Seharusnya aku tidak mengajak Dewa dan Amasha datang ke pesta ini. Seharusnya kami tidak perlu bertemu Karina. Seharusnya Dini tidak perlu mengadakan pesta ini.
Aku tak bisa menggambarkan bagaimana perasaanku saat ini, saat kulihat suamiku ditatap dengan tatapan penuh kerinduan oleh Karina. Dan aku lebih tak bisa membayangkan perasaan Amasha, waktu mendengar ayahnya dipanggil dengan panggilan "papa" oleh anak lain yang bahkan tak dikenalnya. Aku juga tidak bisa membayangkan perasaan Dini yang mungkin merasa sangat bersalah sudah mempertemukan kami begini. Aku tidak mengerti, aku masih tak bisa mencerna apa yang sedang terjadi disini, dan aku tidak punya tenaga untuk memikirkannya. Yang sanggup kulakukan hanya menggandeng Amasha dengan tangan bergetar, perlahan aku berbalik untuk membawa anakku pergi.
Dewa menarik sebelah tanganku yang bebas dari gandengan Amasha, dengan lemah kutepis tangan hangat suamiku. Tangan yang selalu digunakannya untuk melindungi serta membahagiakan aku dan Amasha.
Aku tidak menangis, aku juga masih sanggup melangkah gontai sampai kerumah.
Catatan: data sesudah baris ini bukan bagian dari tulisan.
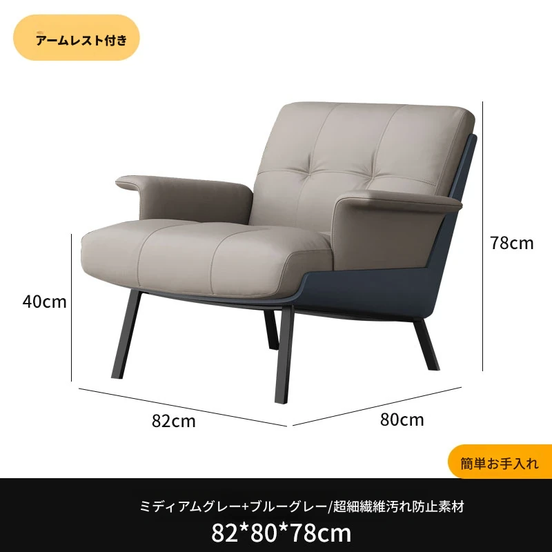 ソファチェア【ミディアムグレー+ブルーグレー】【アーム付き】 汚れ防止生地

Tanpa mengatakan apapun, kubawa Amasha ke kamar lalu kukunci pintu kamarku.
Amasha yang biasanya cerewet malah mendadak jadi seperti orang bisu. Amasha yang biasanya selalu mengamuk dan menangis kencang saat di jahili, kali ini bahkan tak meneteskan air mata sama sekali. Wajahnya pias, tatapan mata nya kosong seolah tengah kebingungan mencerna apa yang baru saja terjadi, persis sepertiku.
Ini tidak bagus. Seharusnya Amasha mengamuk dan meraung seperti biasa. Seharusnya dia cerewet bertanya tentang apa yang terjadi. Seharusnya gadis kecilku itu penuh rasa penasaran seperti yang seharusnya. Kenapa dia hanya diam seperti orang dewasa yang kesakitan? Seolah-olah dia paham yang sedang kurasakan.
Astaga, apa yang sedang kulakukan? Kenapa aku malah melamun begini.
Sadarlah Irida! Sadarlah demi Anakmu. Untuk apa aku terbuai dalam lamunan seperti ini? Mari kita mulai berpikir dengan logika.
Suamiku selingkuh? Apa itu benar?
"bunda"
Aku segera menoleh ke Amasha, anakku yang sejak tadi diam sekarang mulai menangis.
"kenapa sayang?" tanyaku.
"papa itu artinya ayah kan? Daddy kan?" tanya Amasha.
Aku mengangguk.
"anak itu manggil ayahku 'papa' padahal aku anak tunggal" racau Amasha.
Pelan, kutarik anakku kedalam dekapan.
"bunda, aku nggak mau ketemu ayah. Aku marah sama ayah" oceh nya sambil terisak.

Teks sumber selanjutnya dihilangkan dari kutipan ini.